Statistical Analysis
Two-way repeated measures analysis of variances (ANOVAs) was run to assess the impact
of feedback type (KP group, KR group, or KP + KR group) on ratings of intelligibility,
precision, and naturalness for the two timepoints, 1 day and 1 week post-training.
Post hoc multiple comparisons with a Bonferroni correction were conducted to further
examine significant findings.
Results
All 24 participants completed a 1-day training session, followed by a testing session
at 1 day and 1 week post-training.

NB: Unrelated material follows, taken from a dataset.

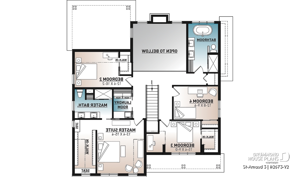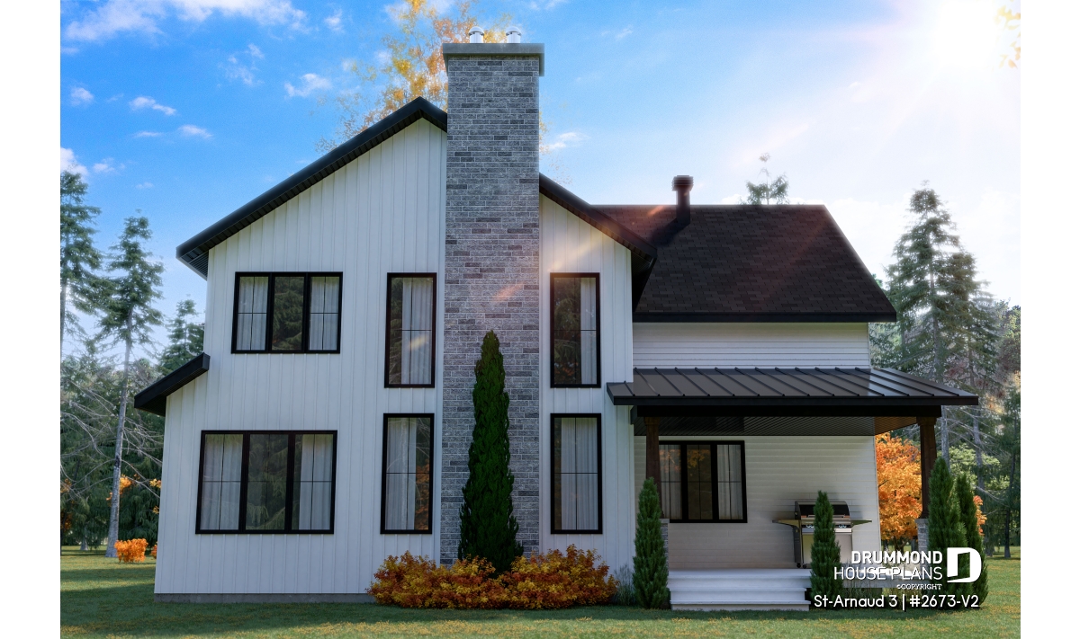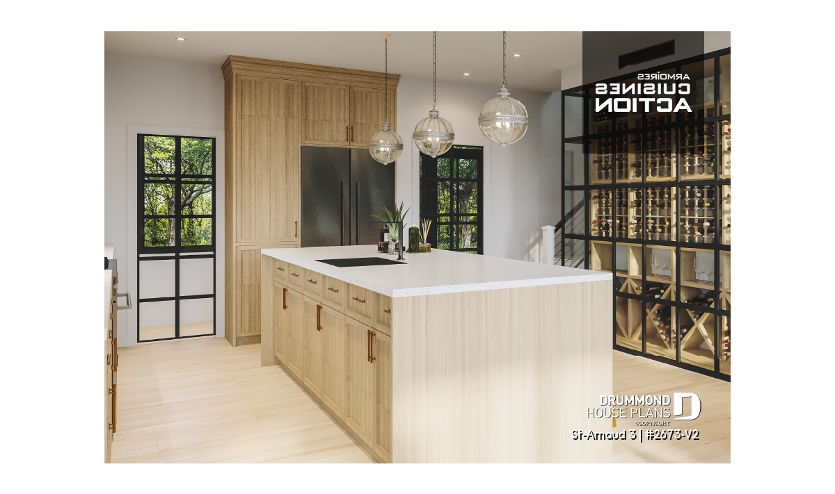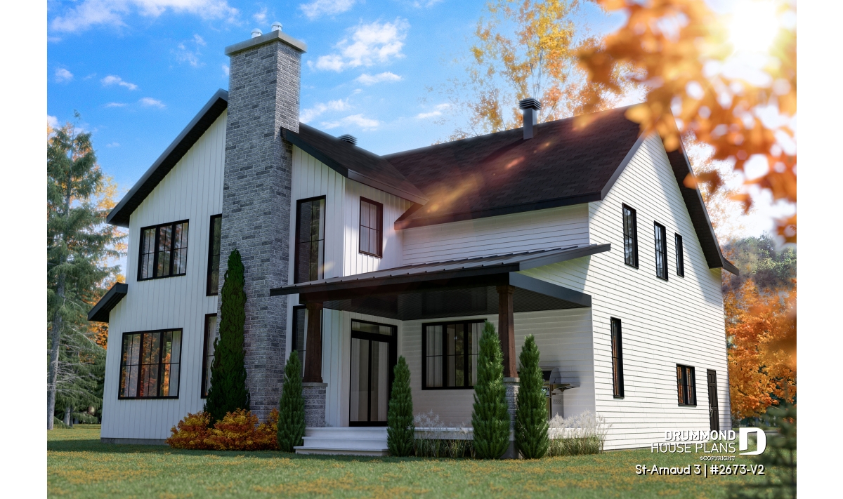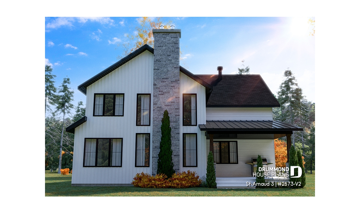 The open mezzanine overlooking the family room enhances the volume and brightness of the space. A double garage provides direct, convenient access to the home. Finally, an unfinished basement and several foundation options allow you to adapt this plan to your lifestyle and your lot.

A total of 480 de-identified speech samples, 10
from each participant for each retention testing phase, were used to examine the effect
of feedback condition on learning and retention of a novel speech task. Twenty native
Hindi-speaking raters judged the quality of all 480 recordings using the three rating
scales for intelligibility, precision, and naturalness.
Training Data
While the purpose of this study was not to assess participant performance during the
training session, it is important to demonstrate that there was an impact of training
on initial acquisition during the training session. Changes in performance during
the training session were determined offline by a native Hindi speaker, blind to the
study conditions. Specifically, participant productions were transcribed and scored
for accuracy of word production offline. For each participant, percent accuracy of
the first 10 productions was compared to percent accuracy of the last 10 productions
([Fig. 1]). All participants demonstrated positive changes in word accuracy during their training
session. Participants in the KP group demonstrated a small effect of immediate training
(d = 2.82) when comparing accuracy of initial productions (M = 45.16%; SD = 14.43) to
accuracy of final productions (M = 82.66%; SD = 12.06), a difference of 35.50% accuracy.

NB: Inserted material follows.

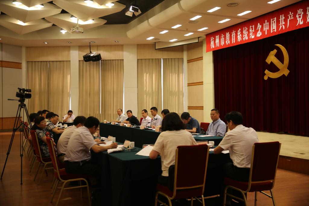 会议表彰了教育系统优秀共产党员,与会党员在会上重温了入党誓词,杭州职业技术学院、浙江育英职业技术学院等5个单位的先进党员代表上台交流发言。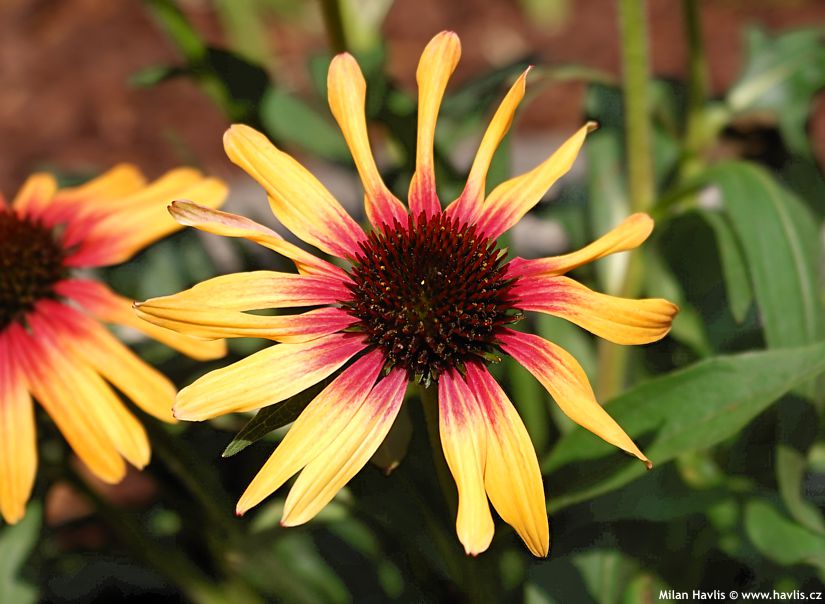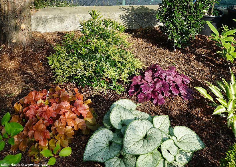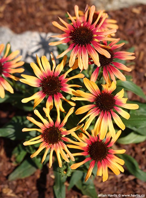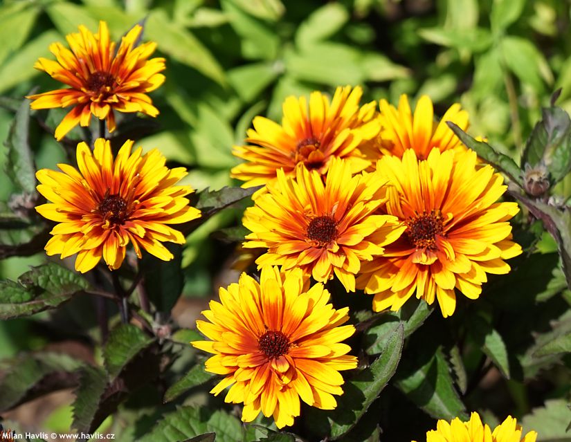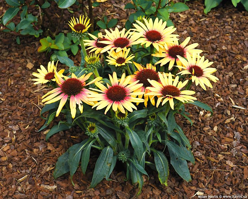 Několik odrůd má panašované – vícebarevné listy ze žlutým či bílým lemováním nebo vnitřkem. Stejně jako barva květů i barva listů je během celé růstové sezóny proměnlivá. Řekl bych, že to není na škodu, ba naopak – zajistí to atraktivní proměnlivost v rámci jednoho záhonu.

Participants in the KR group demonstrated a small effect of training (d = 2.13) when comparing accuracy of initial productions (M = 54.30%; SD = 12.31) to
accuracy of final productions (M = 78.50%; SD = 10.34), a difference of 24.19% accuracy.
Finally, participants in the KP + KR group demonstrated a small effect of training
(d = 2.44) when comparing accuracy of initial productions (M = 52.42%; SD = 10.73) to
accuracy of final productions (M = 80.65%; SD = 12.31), a difference of 28.23% accuracy.
These data indicate that participants across all three groups showed improvement in
the accuracy of their productions of the trained Hindi phrases from the beginning
to the end of the training session. The main findings, reported later, focus on the
effects of feedback type on the perceptions of native speakers of Hindi at 1 day and
1 week post-training.
Figure 1 Participant accuracy during training session: comparing the first 10 productions
to the last 10 productions.
Results of Listener Ratings
A two-way repeated measures ANOVAs was run to compare the effect of feedback type
(KP, KR, and KP + KR) on listener ratings of intelligibility, precision, and naturalness
across two timepoints, 1 day and 1 week post-training. Please see [Fig. 2] for the group statistics obtained for the dependent variables (intelligibility,
precision, and naturalness) across the three feedback conditions and assessment timepoints.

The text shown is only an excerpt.